Under pressure: 4 main stressors for big data leaders

CEOs and corporate boards want to see big data deliver results in company revenues, operations, and financial performance. The C-suite’s desire to get these results faster than ever before is causing many big data leaders to feel more pressure in four specific areas.
In a 2014 Wall Street Journal article, Gartner analyst Douglas Laney observed that, “It’s flummoxing that companies have better accounting for their office furniture than their information assets…. You can’t manage what you don’t measure.” And in that same WSJ article, Leonard Nakamura, an economist at the Federal Reserve Bank of Philadelphia, estimated that corporate holdings of data and other intangible assets could be worth more than $8 trillion.
Data isn’t on corporate balance sheets yet, but as companies begin to evolve P&L functions where data is packaged and resold to others, it could be.
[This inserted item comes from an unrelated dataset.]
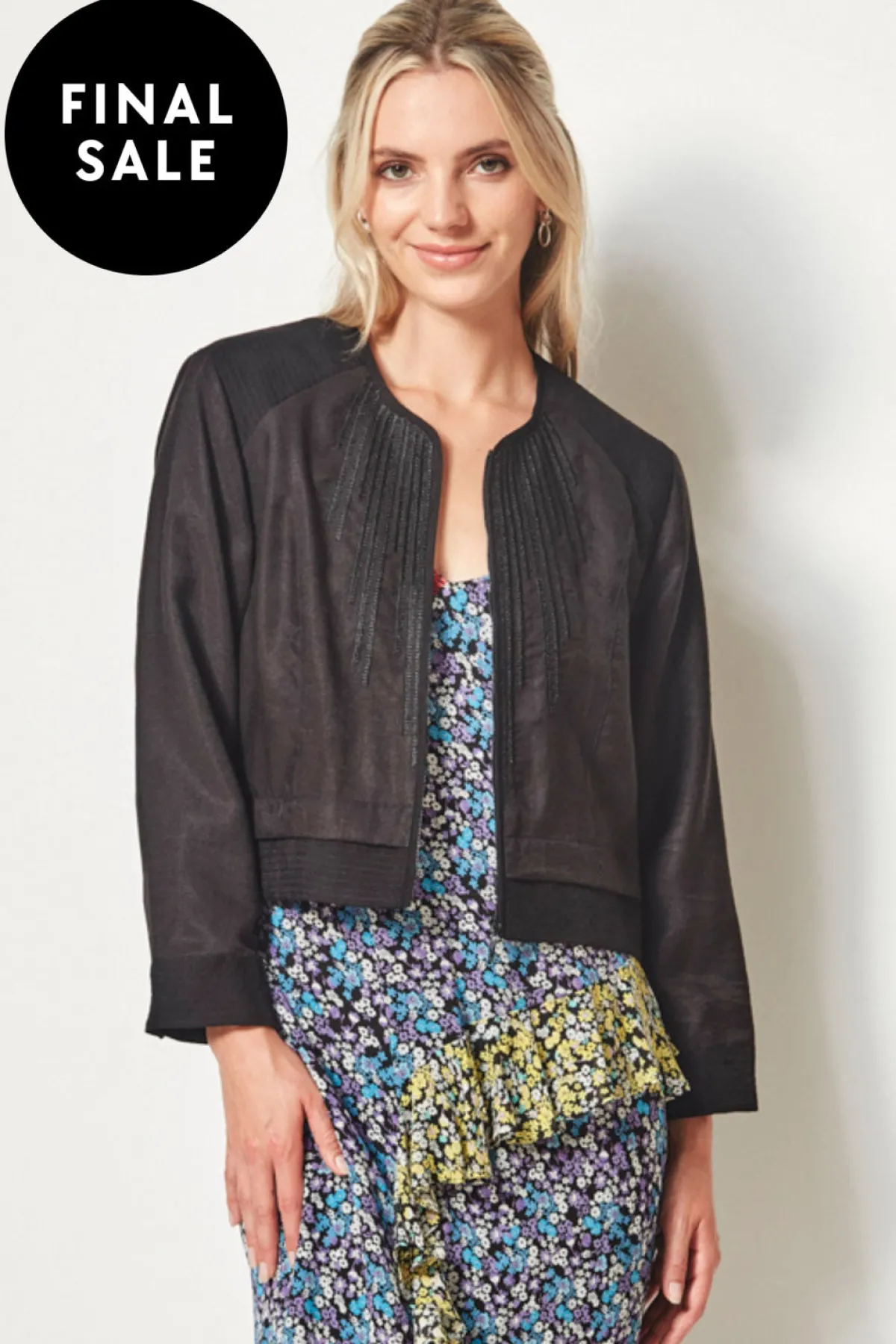 This full lined cropped jacket boasts a sophisticated zip front and collarless design. Stand out with the exquisite embroidered neckline and waist-length cut. Elevate your style with the Grade jacket, the perfect addition to your wardrobe.

Even for companies with no current plans to commercialize data, the data under management could be considered an untapped source of future business spinoffs and revenue generation, so companies have to derive ways to value it. This squarely places pressures on IT leaders and other data stewards to understand what this accumulation of data consists of and how best to mine it.
There are so many types of data manipulation, extraction, cleaning, normalization, etc., tools that it is hard for organizations to decide which ones are the best in class for their environments. Companies are also trying to figure out how to actually use these tools.